# What's Going To Happen in Iraq When the US Pulls Out?



## Marauder06 (Dec 7, 2011)

"We really don't know."

http://worldnews.msnbc.msn.com/_new...ity-we-really-dont-know-whats-going-to-happen




> WASHINGTON – "We really don't know what's going to happen" with security in Iraq after the U.S. forces leave, a senior U.S. military officer said from Baghdad Wednesday morning.
> When asked whether the Iraqi Security Forces can keep violence under control after American forces leave the country, Lt. Gen. Frank Helmick, Deputy Commanding General of U.S. Forces-Iraq, said Wednesday that the U.S. military just does not know.


----------



## Diamondback 2/2 (Dec 7, 2011)

Civil unrest, followed by governmental oppression, followed by dictatorship, coupled with heavy Iranian influence.


----------



## HoosierAnnie (Dec 7, 2011)

It's up for grabs, but if anyone's interested in a good book with fictional speculation about the last unit left to guard our hard assets that we don't wanna turn over to the "good" citizens, try John Ringo's "The Last Centurian"


----------



## Manolito (Dec 7, 2011)

Mara I am interested. Help this dull knife out a little. When we went there we told the people of the US why we were going and that it was a cause worth sacraficing our young best and brightest. We accomplished that mission so why would we care what takes place? I am not sold on the idea our constitution will work when combined with a muslim religion. I am asking this because I know how I would accept them coming to the US throwing out our government and telling us how to live with the quran. I am sure those in AStan or Iraq feel the same way. How do I look a Iraqi in the eye and explain how harry Reid and Nancy Pelossi are what they should aspire to be.
My belief how each of you conducted yourselves in country is the only thing that will make a difference socially in those countries. Living in a mud hut and watching a movie about the US and cars and individual houses and flushing toilets will bring about change when the women are fed up with these Muslim men. Look at the Phillipines guy use to bring over those young girls and make them serve them like a slave/ today they come over and get westernized very quickly.
I hope the go back to quran rule no ambition to improve and live out their lives in a mud hut chasing little boys.
Bill


----------



## Brill (Dec 7, 2011)

The Iraqi people, Sunni, Shia, and Kurds, will be able to decide for themselves.


----------



## Manolito (Dec 7, 2011)

I want to add no servicemember is responsible for what happens after they leave North Korea is not a result of good or bad servicemembers. VN is not because we did a bad job and AStan and Iraq wqill be what ever they are and it is not a guilt to be carried by any servicemember.
Bill


----------



## pardus (Dec 7, 2011)

Iran is going to be a big player in post USA Iraq. The big question in my mind is the Iraqi oil, what is going to happen to it and whatever it is (prices going up, oil stops flowing etc... ) can we stand back and allow that to happen or will we have to go back into Iraq and re-secure it?


----------



## LogCinco (Jan 27, 2012)

A little late to the discussion, but worth 2 cents...  Pardus is spot on, I am thinking "follow the money."  If there is money to be made, there will be someone willing to sell the guns.  The question should really be about whether we are able to maintain the Security Cooperation agreement with the post-US-assisted government.  Methinks.


----------



## Scotth (Feb 1, 2012)

I think the Saudi's will try to counter the influence of the Iranian's as much as they can.  The Saudi's will support the Sunni's and Iran will support the Shia.  I would bet 2-1 right now it will eventually lead to a full blown civil war to control the oil money.  I believe the Saudi's will do what ever is necessary to prevent Iran from taking full proxy control of the country.  The last thing the Saudi's want is Iran sitting on their door step.

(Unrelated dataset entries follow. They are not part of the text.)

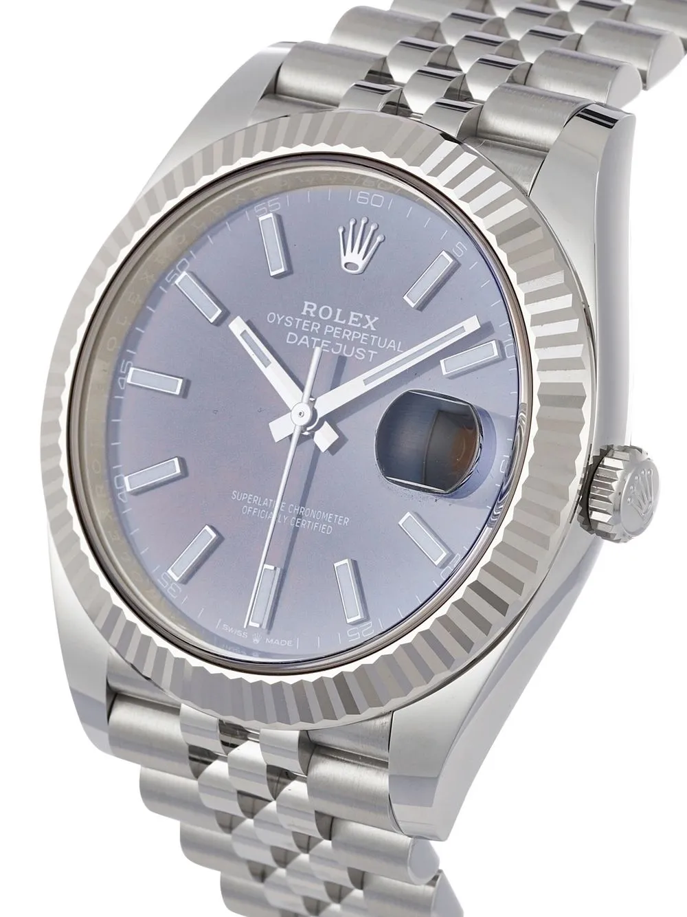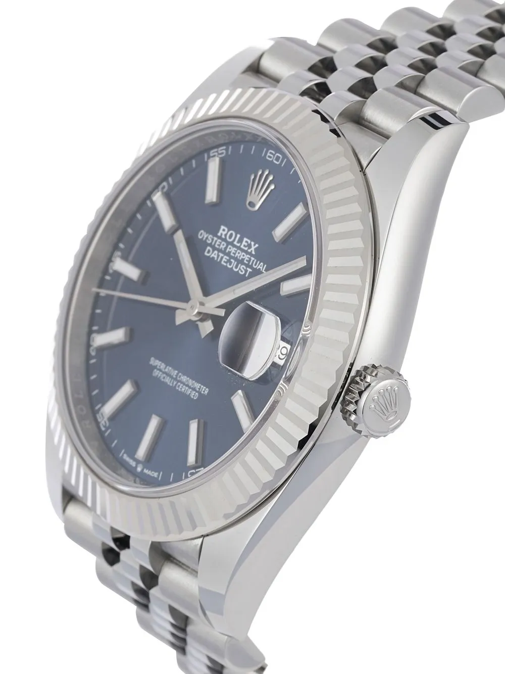 First presented in 1945, Rolex's iconic Datejust timepiece was the first automatic-winding watch to include a date window. Referred to by Rolex as a "classic watch of reference", the Datejust is one of its iconic models, perfectly fusing technical watchmaking know-how with a timeless and archival appeal like this unworn Datejust 41mm.
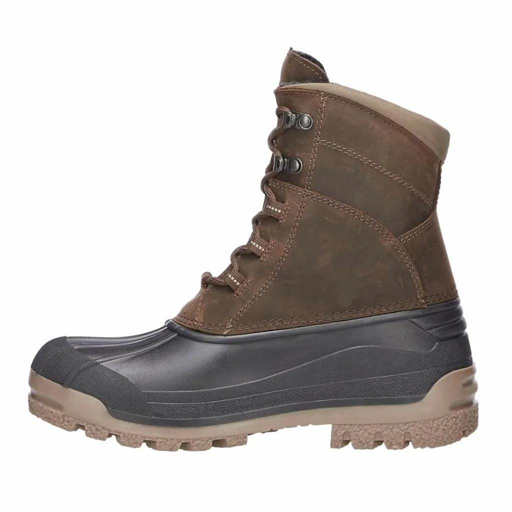 Als Obermaterial kommt stark wasserabweisendes, gewachstes Nubukleder zum Einsatz. Zwar nicht ganz wasserdicht, ist Feuchtigkeit bei den für den Einsatz des Stiefels vorgesehenen Außentemperaturen aber definitiv kein Problem. Ausgestattet ist der hochwertige Canadian Boot übrigens auch mit einem Futter aus echter Lammwolle. Diese hält deine Füße auch bei Temperaturen von bis zu -25°C zuverlässig warm.
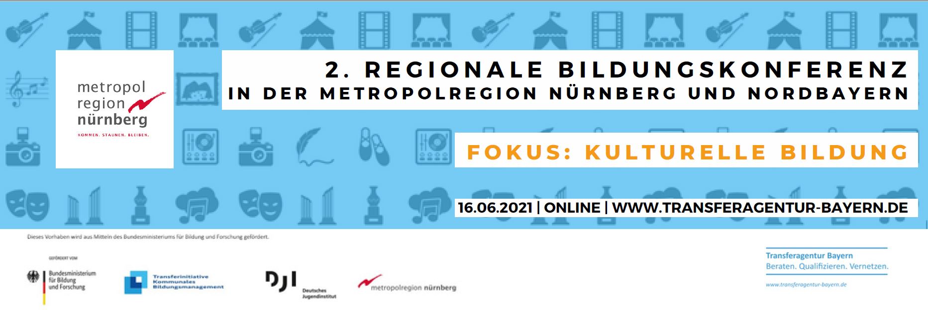 Am Mittwoch, 16. Juni 2021, zwischen 10:00 bis 15:00 Uhr findet als Online-Veranstaltung die 2. Regionale Bildungskonferenz 2021 in der Metropolregion Nürnberg und Nordbayern statt. Eingeladen sind alle, die sich in den Bereichen Jugend und Soziales, Schule, Bildung sowie Kultur bereits mit dem Thema kulturelle Bildung befassen oder in Zukunft befassen möchten.

We will support the Saudi's giving them what ever they want but the Saudi's will have to do the heavy lifting trying to influence the outcome of our departure from Iraq.


----------



## tigerstr (Feb 1, 2012)

Scotth said:


> I think the Saudi's will try to counter the influence of the Iranian's as much as they can. The Saudi's will support the Sunni's and Iran will support the Shia. I would bet 2-1 right now it will eventually lead to a *full blown civil war* to control the oil money. I believe the Saudi's will do what ever is necessary to prevent Iran from taking full proxy control of the country. The last thing the Saudi's want is Iran sitting on their door step.
> 
> We will support the Saudi's giving them what ever they want but the Saudi's will have to do the heavy lifting trying to influence the outcome of our departure from Iraq.


 
Agree, but  would go for the three-way split scenario where Kurds at the North also try to go their own way, much to the dislike of Turkey.


----------